The Tunisian social security system is financed by contributions from both employers (16.57%, reduced to 16.07% for wholly exporting companies) and employees (9.18%) based on salaries. Employers are also required to pay a premium for workplace injuries ranging from 0.4% to 4% of earnings. Employers collect social security contributions from each employee and pay on their behalf. Contributions to the CSS were increased with the Finance Law 2023, as follows:

  • 4% with a minimum of 500DT for companies subject to a 35% corporate tax rate (banks, insurance companies, telecommunications operators, companies operating in the oil sector, hypermarkets, etc.).

  • 3% with a minimum of 400DT for companies subject to the normal corporate tax rate of 15% and a 20% tax rate for companies going public through an initial public offering (IPO).

  • 3% with a minimum of 200DT for companies subject to a reduced corporate tax rate of 10%. This applies specifically to companies in the agriculture or fishing sectors.

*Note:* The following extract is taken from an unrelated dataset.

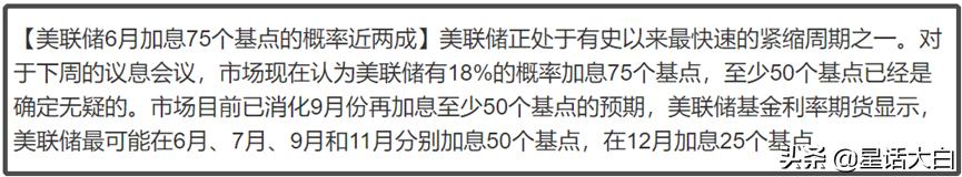 但现在美联储6月加息75个基点的概率,就直接上升到了18%。
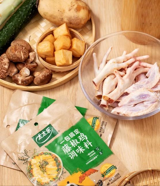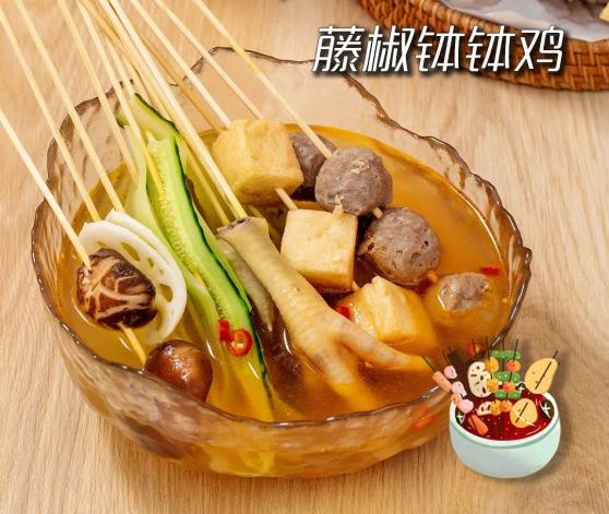 取出藤椒鸡调味品,将酱包倒入碗中,加入冰水不过串,浸泡30分钟即可享受美食~

Companies are also subject to vocational training tax (2% of the gross amount of salaries; 1% for manufacturing industrial companies).

Employers established in Tunisia, regardless of being liable or not for income tax, are subject to a social logging tax, calculated at 1% of the gross amount of salaries paid to its employees, including benefits in kind.


Double Taxation Treaties

Countries With Whom a Double Taxation Treaty Have Been Signed
List of double taxation treaties signed by Tunisia
Withholding Taxes
Dividends: 0 (resident companies)/10%/25% (paid to a non-resident company located in a jurisdiction with a privileged tax regime); Interest: 20% (paid to residents)/10% (non-residents)/25% (paid to a non-resident company located in a jurisdiction with a privileged tax regime); Royalties: 0 (residents)/15% (non-residents)/25% (residents in low-tax jurisdictions).